See also: Five Reasons You Should Care About Your Credit (FICO) Score
*(Edited slightly for clarity/style.)
17 Responses to “Yet Another Reason to Value Your Credit Score”
I used to ignore my credit score all together since I don’t really borrow money, but it’s amazing how much your credit score is used for anymore….heck, you can barely rent an apartment or get a cell-phone without a decent FICO score anymoer.
She had a similar problem in a brick and mortar bank when she tried to open a CD
Why on earth would a bank care about your credit score when you open a CD?
Liz, my post must’ve been confusing. I was responding to Oswegan’s question if one’s FICO score matters when one gives a large downpayment. As a realtor you may know the answer.
However, if you can find a house or even a condo for 200K in Northern Westchester county, NY (Chappaqua, Mount Kisco, Bedford Hills, Katonah area), I might consider it as an investment.
Kitty- talk to me- I am a Realtor- you wanted to know if you could purchase a home for 200K with 50-100k down with no… I didnt catch that part- what state are you in?
“Could I buy a $200,000 home if I had 50-100K for a down payment, and no FICO score?”
Maybe, the question is what rate you’ll get. Don’t they have a table of which rate they get for which FICO score? A higher downpayment may factor in, but from my experience they only care if it is over 20%, then you don’t have to pay PMI. The rate is largely determined by your FICO score. While I’ve never given a 50% downpayment, I did give over 20% downpayment for my last two homes. I could’ve given more if I sold some stocks, but it wouldn’t have affected my rate – I asked. So while you might be able to buy a property without credit history but with a large downpayment, you’ll pay more in interest.
ING rates are not that great. A number of online accounts have a much better rate. So sure you can open an online account, but you have a lot less choice.
I understand your arguments, I just disagree.
I can find plenty of insurance companies who want my business, and give me a competitive rate, regardless of my FICO score. How you ask? I pay up front in cash. I just did that for my homeowners insurance for the upcoming year, and I got the best rate and coverage I have ever had.
In fact I can find plenty of any type of business that will give me a good deal if I use cash – or cash equivalents – and the proper negotiation skills.
That is, with the possible exception of banks and/or credit card companies.
And I don’t want any more of what they sell.
The system works the way that it does because the American people have accepted, as a way of life, what the banking industry has spent trillions marketing to them.

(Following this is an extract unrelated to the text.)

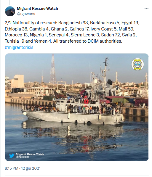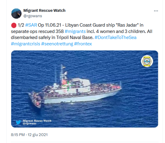 Prima della 18:14 UTC : sbarco a Tripoli. Il portavoce delle milizie libiche Rgowans pubblicherà poi su Twitter al link https://x.com/rgowans/status/1403778014828273664 una foto dello sbarco a Tripoli della motovedetta Ras El Jadir 648 (si vede il numero) con a bordo le persone migranti che ha catturato nella giornata. Sia secondo i libici, sia secondo l’operazione Themis, le persone respinte sono 358.

Rick’s right. Even if you avoid credit, it’s short-sighted to say that you don’t care about your credit score. A poor score means that you’ll pay more for insurance, have to put down more deposits (which don’t earn interest), possibly have a hard time landing a job, etc.
Like it or not, that’s how the system works.
Dave Ramsey and followers are simply wrong in this regard. Even if you resolve to go through life without ever taking on any debt at all, a high FICO score can and will save you in other areas. For instance, the utilities deposit that was mentioned in the previous post.
In my personal experience, when I needed to buy home insurance, my insurance provider gave me a higher rate simply becasue they couldn’t find my credit report, and thus treated me as though I had a bad credit score. I called them up and they are unable to reevaluate me until it’s time for the policy to renew at the end of the year.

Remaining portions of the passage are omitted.